(Records excerpted from a collection)
________________________

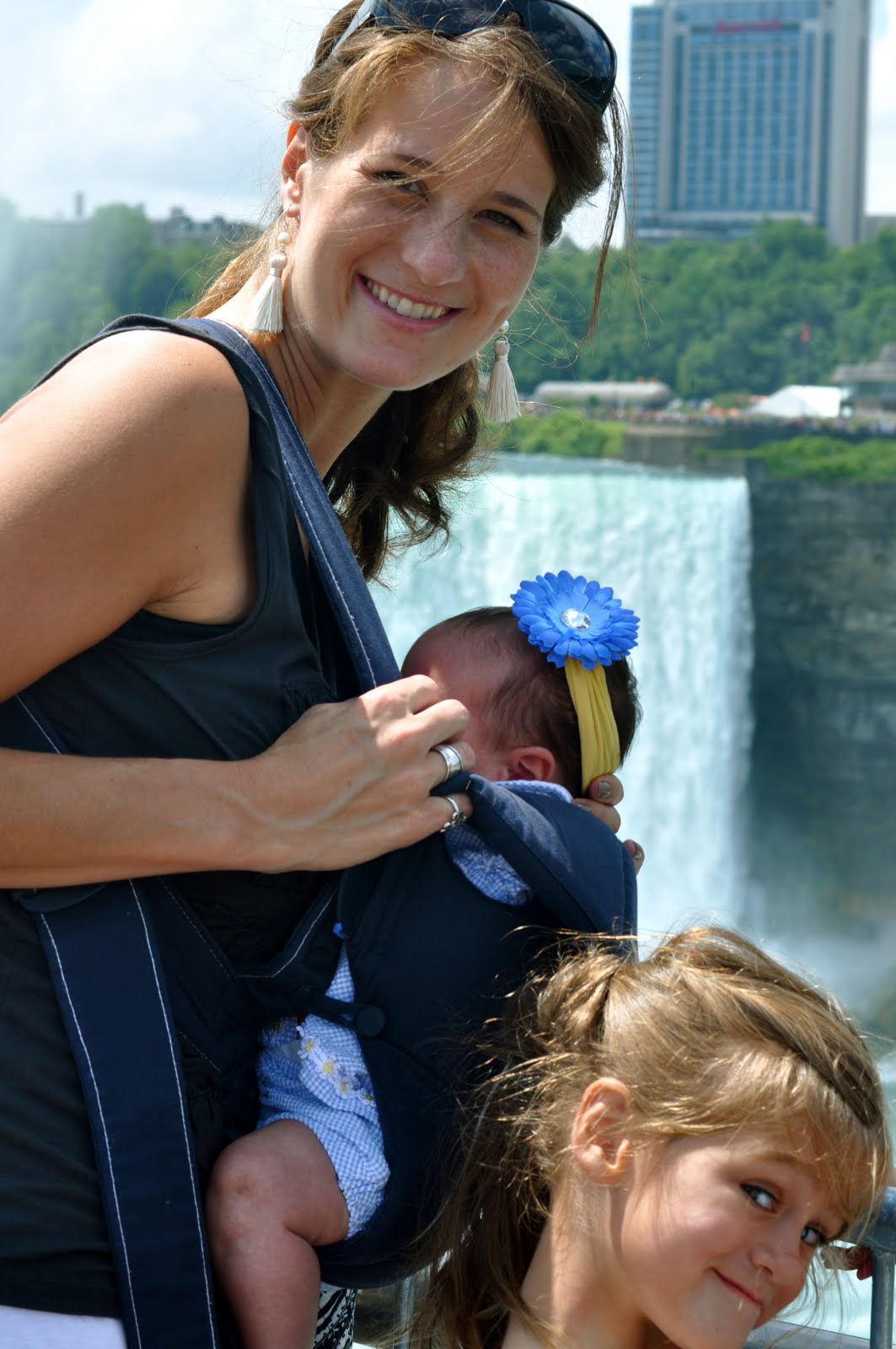 She slept through our stroll around the falls and will never remember it, but here’s Gigi-girl….a mere 2 1/2 months old, doing her northeastern US tour…in Mommy’s kangaroo pouch.
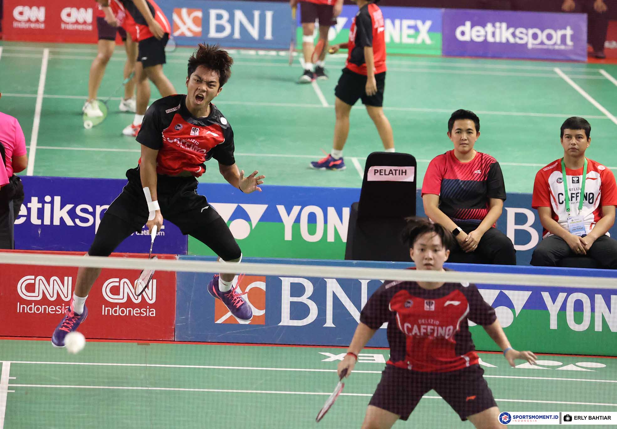 Muhammad Firza Athallah Putra Sungkono [8]-Geraldine Alexandra Bolang (Jawa Tengah)_Kejuranas23 saat bertanding di Kejuaraan Bulutangkis PBSI Perorangan tahun 2023 yang berlansung di GOR UNJ, Jakarta pada 22 Desember 2023.
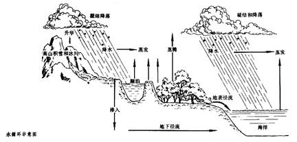 蒸发、 输送、 凝结、降水、径流下渗等 |
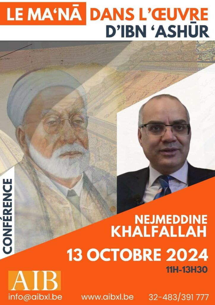 L’AIB a l’immense plaisir d’inviter pour la première fois le professeur Nejmeddine KHALFALLAH qui dispenserà une conférence intitulée “Le ma‘nā dans l’œuvre d’Ibn ‘Ashūr”.
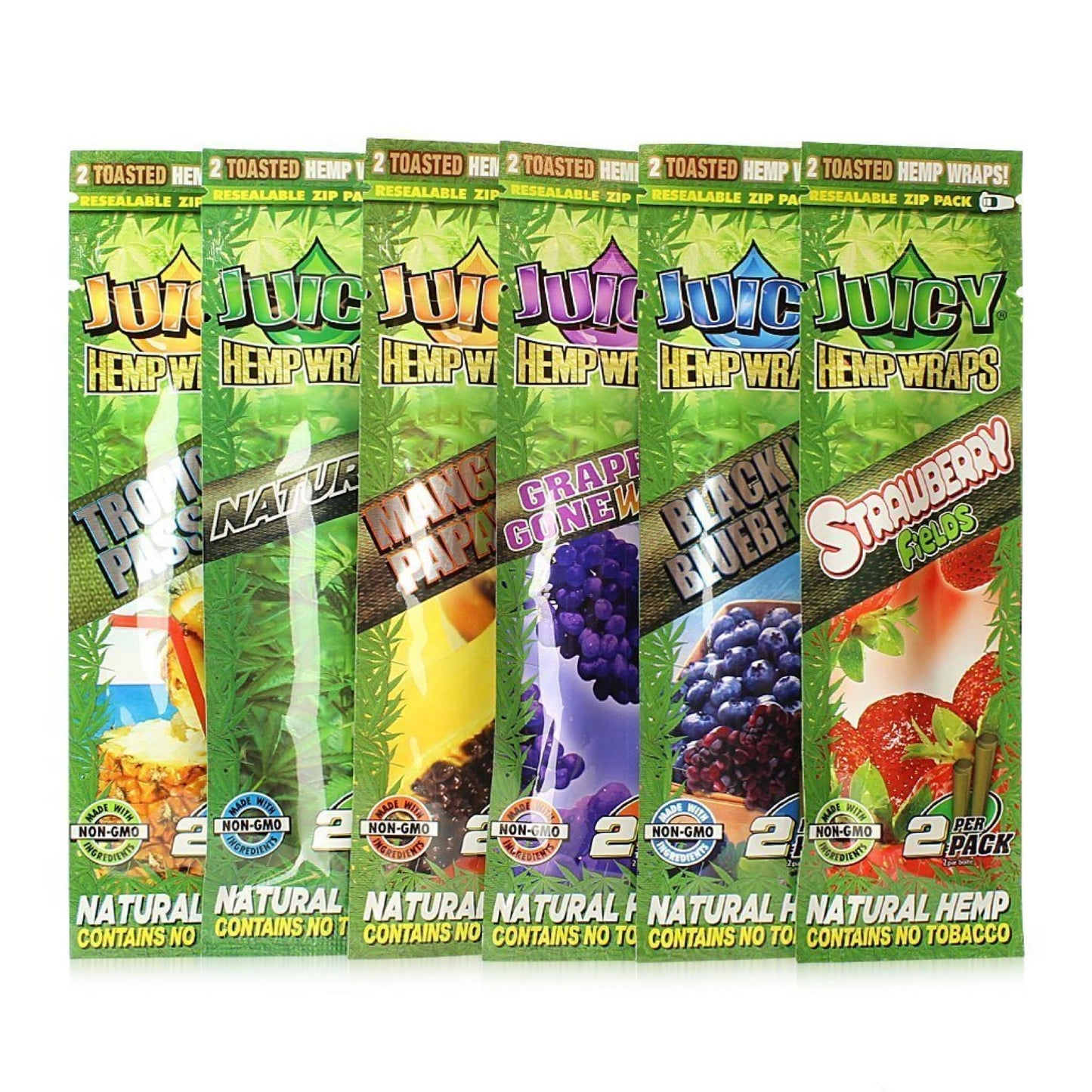 Juicy Natural Hemp Blunt Wraps are without a doubt the world's most flavorful blunt wrap! These Flavored Wraps from Juicy Jay’s contain no tobacco whatsoever and are made with vegan-friendly, non-GMO ingredients. Each pack contains two Juicy Hemp Wraps in a resealable zip pack for freshness. Choose between six mouthwatering flavors and start enjoying an all-natural and highly satisfying smoking experience with Juicy Flavored Blunt Wraps today!

________________________

* [WHAT IS REQUIRED]
Go through the entries and retype them exactly, except for the images.

* [RESPONSE AREA]
 She slept through our stroll around the falls and will never remember it, but here’s Gigi-girl….a mere 2 1/2 months old, doing her northeastern US tour…in Mommy’s kangaroo pouch.
 Muhammad Firza Athallah Putra Sungkono [8]-Geraldine Alexandra Bolang (Jawa Tengah)_Kejuranas23 saat bertanding di Kejuaraan Bulutangkis PBSI Perorangan tahun 2023 yang berlansung di GOR UNJ, Jakarta pada 22 Desember 2023.
 蒸发、 输送、 凝结、降水、径流下渗等 |
 L’AIB a l’immense plaisir d’inviter pour la première fois le professeur Nejmeddine KHALFALLAH qui dispenserà une conférence intitulée “Le ma‘nā dans l’œuvre d’Ibn ‘Ashūr”.
 Juicy Natural Hemp Blunt Wraps are without a doubt the world's most flavorful blunt wrap! These Flavored Wraps from Juicy Jay’s contain no tobacco whatsoever and are made with vegan-friendly, non-GMO ingredients. Each pack contains two Juicy Hemp Wraps in a resealable zip pack for freshness. Choose between six mouthwatering flavors and start enjoying an all-natural and highly satisfying smoking experience with Juicy Flavored Blunt Wraps today!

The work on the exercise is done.